Jane Kennedy: Data from the Prescription Pricing Authority indicates that, in 2004, 192,000 prescription items were dispensed in the community in England for antidepressant drugs to children under 16 and young people aged 16 to 18 in full-time education. Data is not collected on the number of people for whom these prescriptions were dispensed, nor the proportion which they represent.

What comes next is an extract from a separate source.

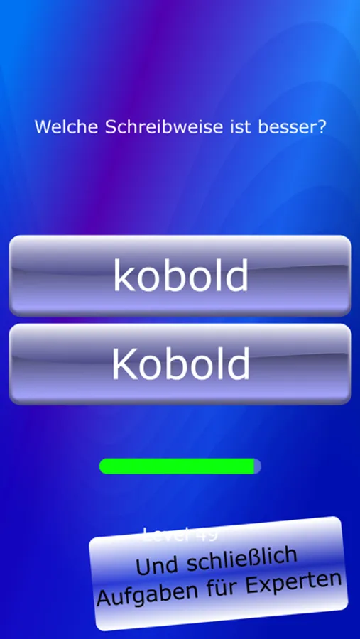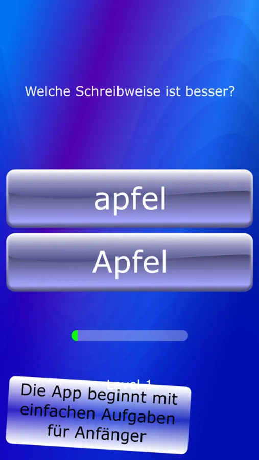 Dieser kleine Trainer wendet sich an die Anfänger, die schon ein bisschen Deutsch lesen können, beim Schreiben und besonders bei der Groß- und Kleinschreibung aber noch nicht sicher sind. Er hilft ihnen zu entdecken und zu üben, welche Wörter groß- und welche kleingeschrieben werden. Das Programm enthält knapp 3200 Wörter, bei denen der Lernende sich zwischen Groß- und Kleinschreibung entscheiden muss.

Based on the work of its expert working group on the selective serotonin reuptake inhibitors (SSRIs), the committee on safety of medicines (CSM) issued advice on the use of SSRIs in children and adolescents in June, September and December 2003. That advice was that the balance of risks and benefits for the treatment of depressive illness in under-18s is judged to be unfavourable for paroxetine (Seroxat), venlafaxine (Efexor), sertraline (Lustral), citalopram (Cipramil), escitalopram (Cipralex) and mirtazapine (Zispin). It is not possible to assess the balance of risks and benefits for fluvoxamine (Faverin), due to the absence of paediatric clinical trial data. Only fluoxetine (Prozac) has been shown in clinical trials to be effective in treating depressive illness in children and adolescents, although it is possible that, in common with the other SSRIs, it is associated with a small increased risk of self-harm and suicidal thoughts. Overall, the balance of risks and benefits for fluoxetine in the treatment of depressive illness in under-18s is judged to be favourable. This advice was reiterated in December 2004, when the report of the expert working group was published.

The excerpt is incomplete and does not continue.